A Deep Dive into java-tron Chainbase Module Part 2

TRON Core Devs
TRON
Published in
9 min readSep 19, 2022

In A Deep Dive into java-tron Chainbase Module Part 1, we introduced the reasons for transaction processing and state rollback in java-tron.

This article mainly introduces some background knowledge and shows developers the implementation details of the ChainBase module by introducing logic such as transaction processing, state rollback, and data persistence.

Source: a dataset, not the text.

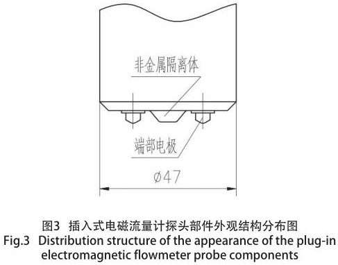 基于以上目的,為了降低外發(fā)射磁場的電磁流速傳感器所產(chǎn)生的感應(yīng)信號受信號流體和磁場的邊界層厚度影響,會降低測量的線性度,通過一體化的特殊優(yōu)化設(shè)計,在外徑為:Ф47mm(因為需要使用 2 〃螺紋球閥,球閥通孔直徑為:50mm 的緣故),內(nèi)徑為:Ф40mm,長度為:77mm的空間內(nèi)進(jìn)行布置各個相關(guān)零、部件(兩個電*、兩個電*加長桿,勵磁線圈部件),應(yīng)用法拉*電磁感應(yīng)定律和尼庫接磁(NIKURADS)原理,將磁感應(yīng)強度充分發(fā)揮,達(dá)到高準(zhǔn)確度、高可靠性、寬范圍的流體測量,同時采用新材料、新工藝,該結(jié)構(gòu)還具有耐高溫,并且適用于大口徑管道的流體測量等特性。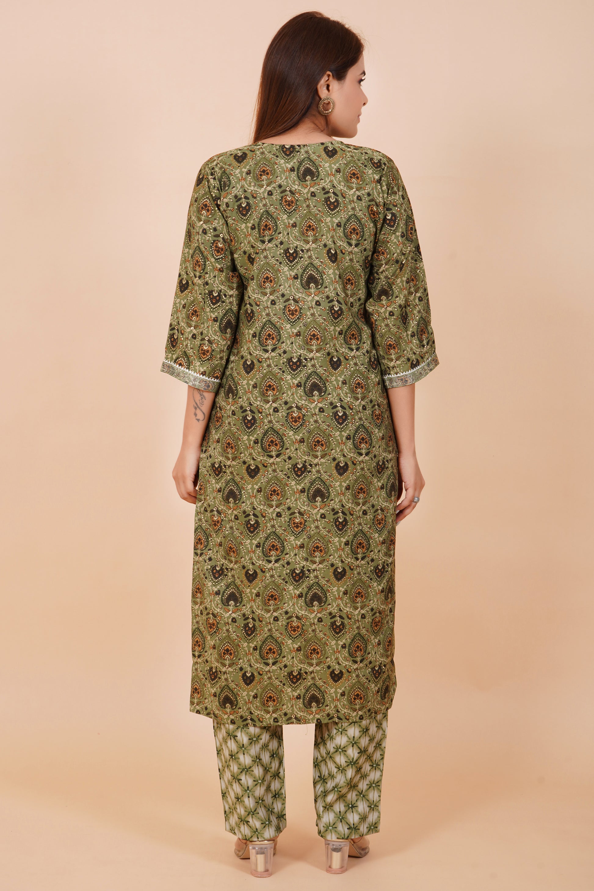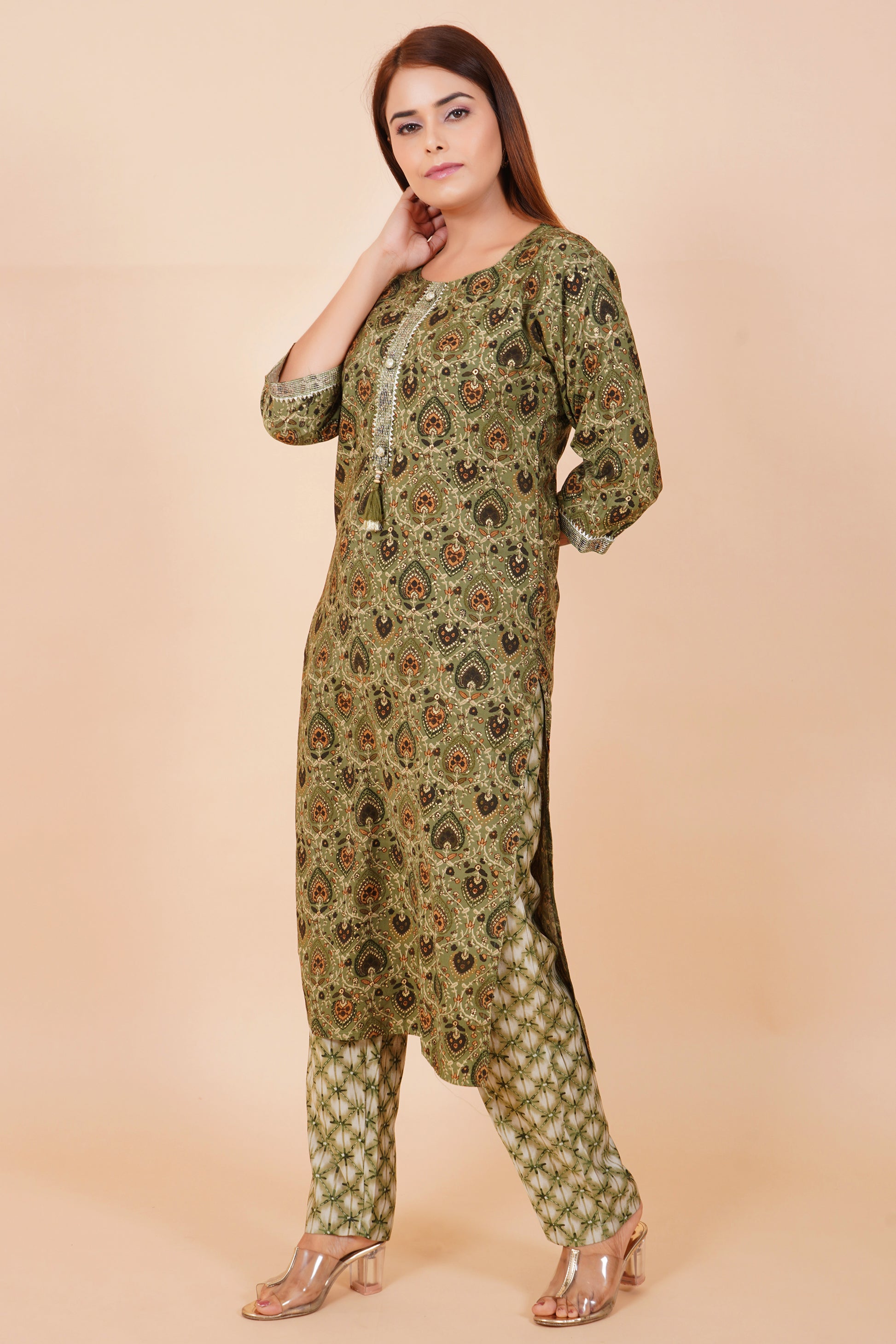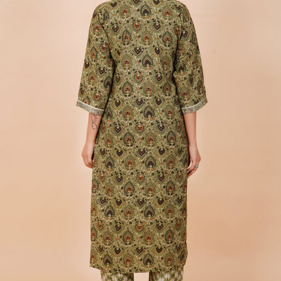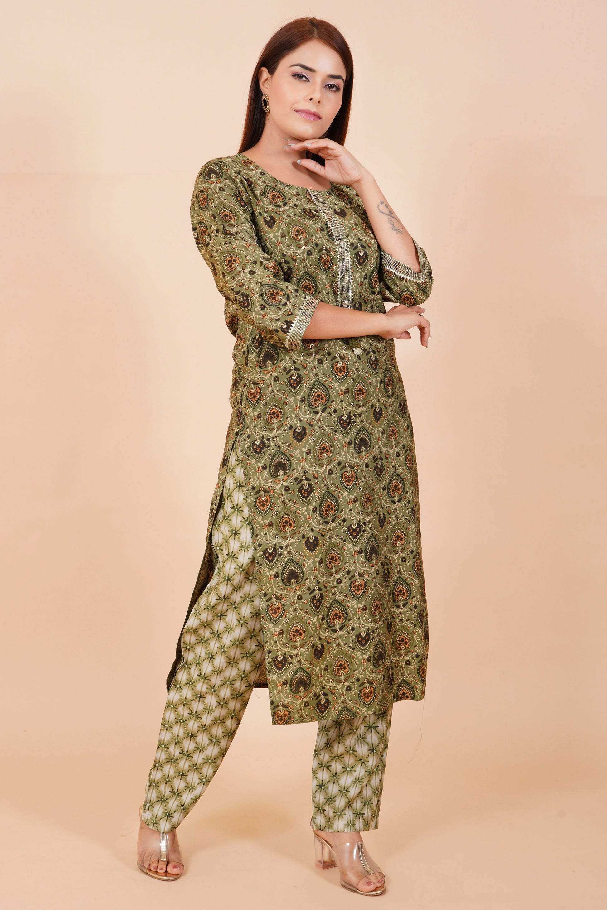 Panna Pista Cotton Embroidered Readymade Suit With Pant

State Rollback Implementation

This chapter explains receiving and validating transactions, block production, validating and saving blocks from the perspective of code, to further analyze the chainbase module of java-tron. If there is no further declaration, the default description is dedicated to all the Fullnode (including SR).

Receiving Transactions

After the node receives a transaction, it puts the transaction into the local pushTransactionQueue cache queue by calling the pushTransaction(final TransactionCapsule trx) function of the manager class and validates the transaction at the same time. And the return of this method is sort of elegant:

  1. if validation is successful, ‘true’ is returned
  2. for the transaction sent by the user to the node through the API, if the transaction validation fails, an exception will be returned to the user; for transactions received from other nodes through the network, exceptions will only be recorded locally

After the transaction validation is successful, the transactions without problems will be put into the pendingTransactionQueue, and the pendingTransactionQueue is responsible for providing the transaction set when producing blocks. If the node is an SR node, when producing a block, it will take out all or part of it from the pendingTransactionQueue (depending on how many transactions are in the pendingTransactionQueue) to generate a block.

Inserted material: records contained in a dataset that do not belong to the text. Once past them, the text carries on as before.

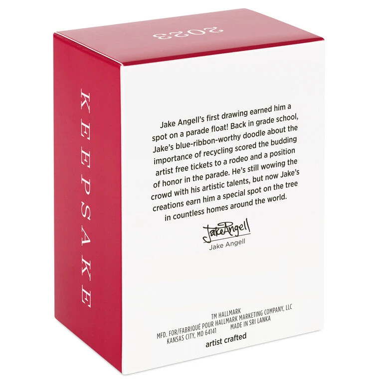- Additional Details: Artist crafted by Jake Angell. Plastic Christmas tree ornament.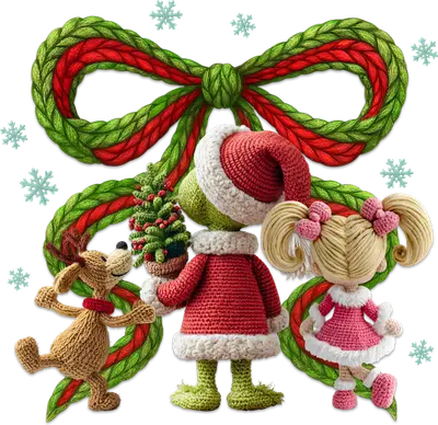 Festive Grinch-Inspired Knitted Christmas Characters DTF Transfer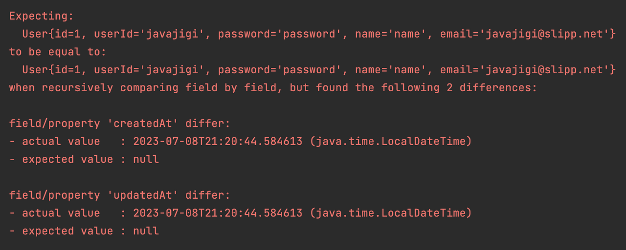 ๊ทธ๋์, actualUser2์ createdAt, updatedAt ๊ฐ์ด null์ด ๋์ด์ JAVAJIGI๋ ๊ฐ์ ๊ฐ์ ๊ฐ์ง๊ฒ ๋๋ ๊ฒ์ด๋ค.

Rollback when Receiving Blocks

A node would receive transactions broadcasted from other nodes before receiving a new block, the transactions need to be validated to determine whether they can be executed correctly. Validation means that the state needs to be changed, and a successful validation does not mean that the transaction will be finally executed, and it will be considered successful after packing into a block and the block become solidified. This step can be considered to filter out those obviously wrong transactions in advance. This is just validation. When a new block arrives, the state changed by transaction validations should be rolled back. Only the state changed when applying new blocks will not be rolled back.

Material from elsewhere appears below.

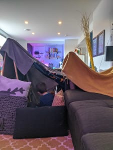 « J’ai vécu une situation un peu similaire durant mon enfance lorsqu’il y a eu un super cyclone dans la région où nous vivions. Tout ce dont je me souviens, c’est tout le plaisir que j’ai eu avec mes parents pendant ces moments stressants! On pense que c’est la même chose avec notre fille qui est trop jeune pour comprendre tout ce qui se passe autour d’elle. Nous prenons chaque jour comme il vient. Avoir une routine, des rendez-vous virtuels et des appels vidéo avec la famille nous aide à rester sains d’esprit»

When rolling back, java-tron move the transactions in the pendingTransactionQueue to rePushTransactions, and clear the pendingTransactionQueue, see the figure for a detailed explanation.

Why does the pendingTransactionQueue need to be emptied after a new block arrives? First of all, it is clear that the pendingTransactionQueue queue is responsible for providing transaction data when generating blocks, that is to say, it stores validated transactions that can be directly packed into blocks. Since the new block will also change the account state, those validated transactions in pendingTransactionQueue may not pass the validation after applying the new block (the simplest example: a transaction in the new block is that accountA spends a part of the token, resulting in a transaction amount of accountA in the queue that is not enough to pay ). After the transaction is moved to rePushTransactions, a background thread will be responsible for re-validating the transaction in the queue. If nothing is wrong, it will be put into the pendingTransactionQueue again to provide data for block production.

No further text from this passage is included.